ReportWire

Tag: clemency

  • ‘Betrayed’: Investors grapple with Trump commuting sentence of man who defrauded them

    Jeffrey Rosenberg is still trying to understand why President Trump would free the man who defrauded him out of a quarter of a million dollars.

    Rosenberg, a retired wholesale produce distributor living in Nevada, has supported Trump since he entered politics, but the president’s decision in November to commute the sentence of former private equity executive David Gentile has left him angry and confused.

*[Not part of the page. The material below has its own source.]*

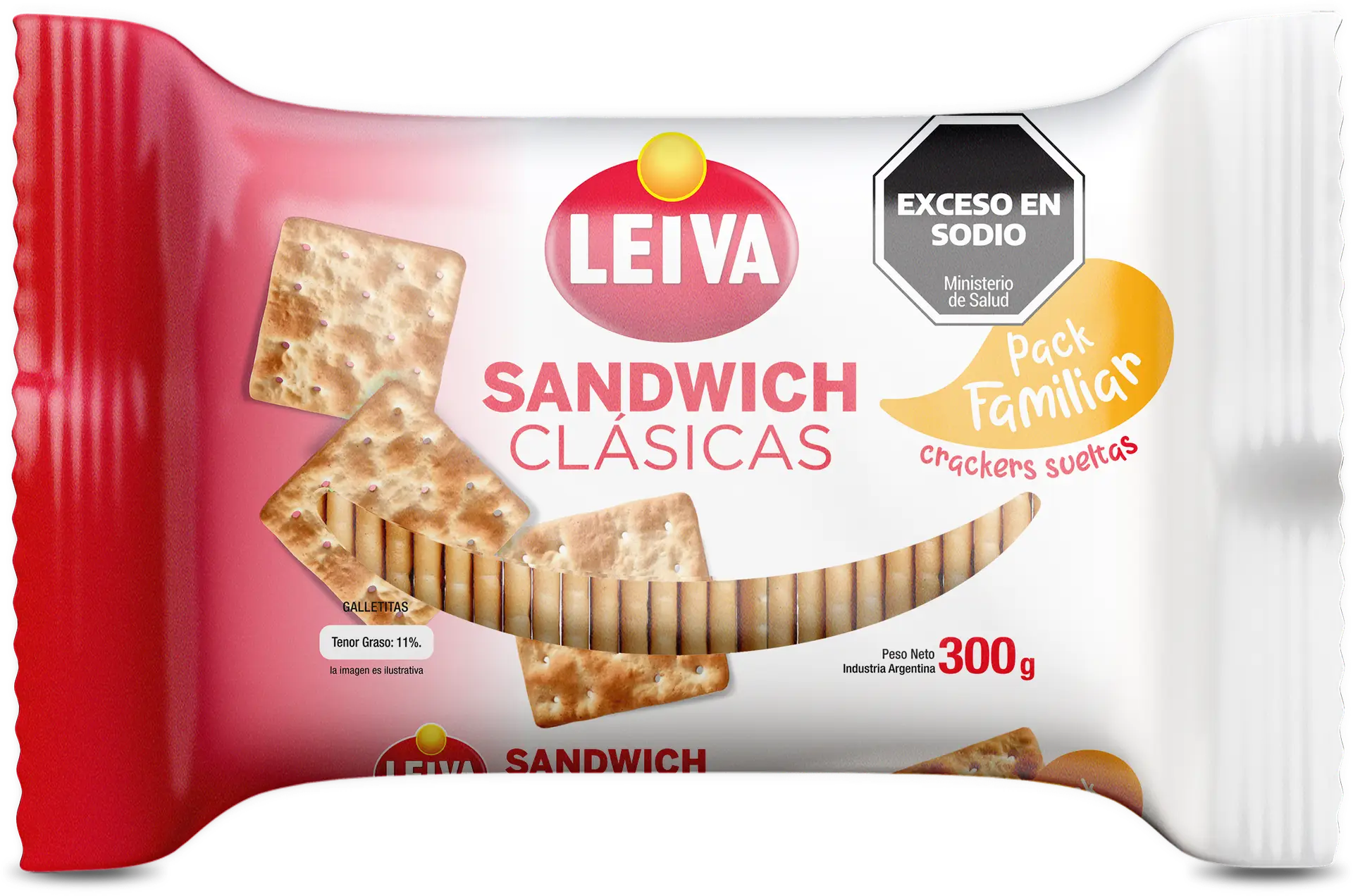 LA CAJA CONTIENE 16 PAQUETES DE GALLETITAS SANDWICH 100% CLÁSICAS LEIVA FAMILIAR. (16 paquetes x 300 gr.)

    “I just feel I’ve been betrayed,” Rosenberg, 68, said. “I don’t know why he would do this, unless there was some sort of gain somewhere, or some favor being called in. I am very disappointed. I kind of put him above this kind of thing.”

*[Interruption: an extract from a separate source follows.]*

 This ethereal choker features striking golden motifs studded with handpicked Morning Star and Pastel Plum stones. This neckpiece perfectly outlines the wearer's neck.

    Trump’s decision to release Gentile from prison less than two weeks into his seven-year sentence has drawn scrutiny from securities attorneys and a U.S. senator — all of whom say the White House’s explanation for the act of clemency is not adding up. It’s also drawn the ire of his victims.

    “I think it is disgusting,” said CarolAnn Tutera, 70, who invested more than $400,000 with Gentile’s company, GPB Capital. Gentile, she added, “basically pulled a Bernie Madoff and swindled people out of their money, and then he gets to go home to his wife and kids.”

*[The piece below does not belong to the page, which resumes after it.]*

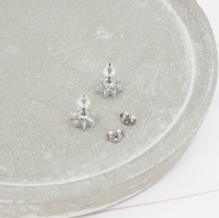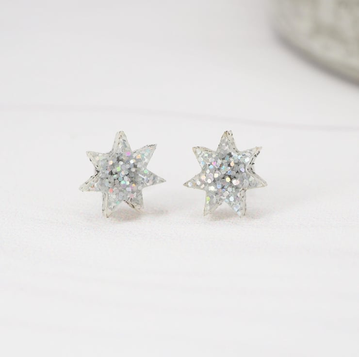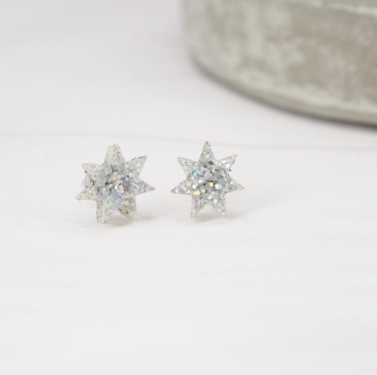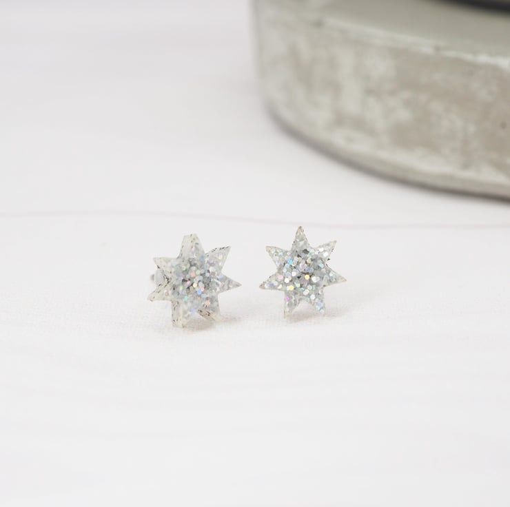Holographic glitter star acrylic studs with 0.7mm ear stems.

    Gentile and his business partner, Jeffry Schneider, were convicted of securities and wire fraud in August 2024 for carrying out what federal prosecutors described as a $1.6-billion Ponzi scheme to defraud more than 10,000 investors. After an eight-week trial, it took a jury five hours to return a guilty verdict.

    More than 1,000 people attested to their losses after investing with GPB, according to federal prosecutors who described the victims as “hardworking, everyday people.”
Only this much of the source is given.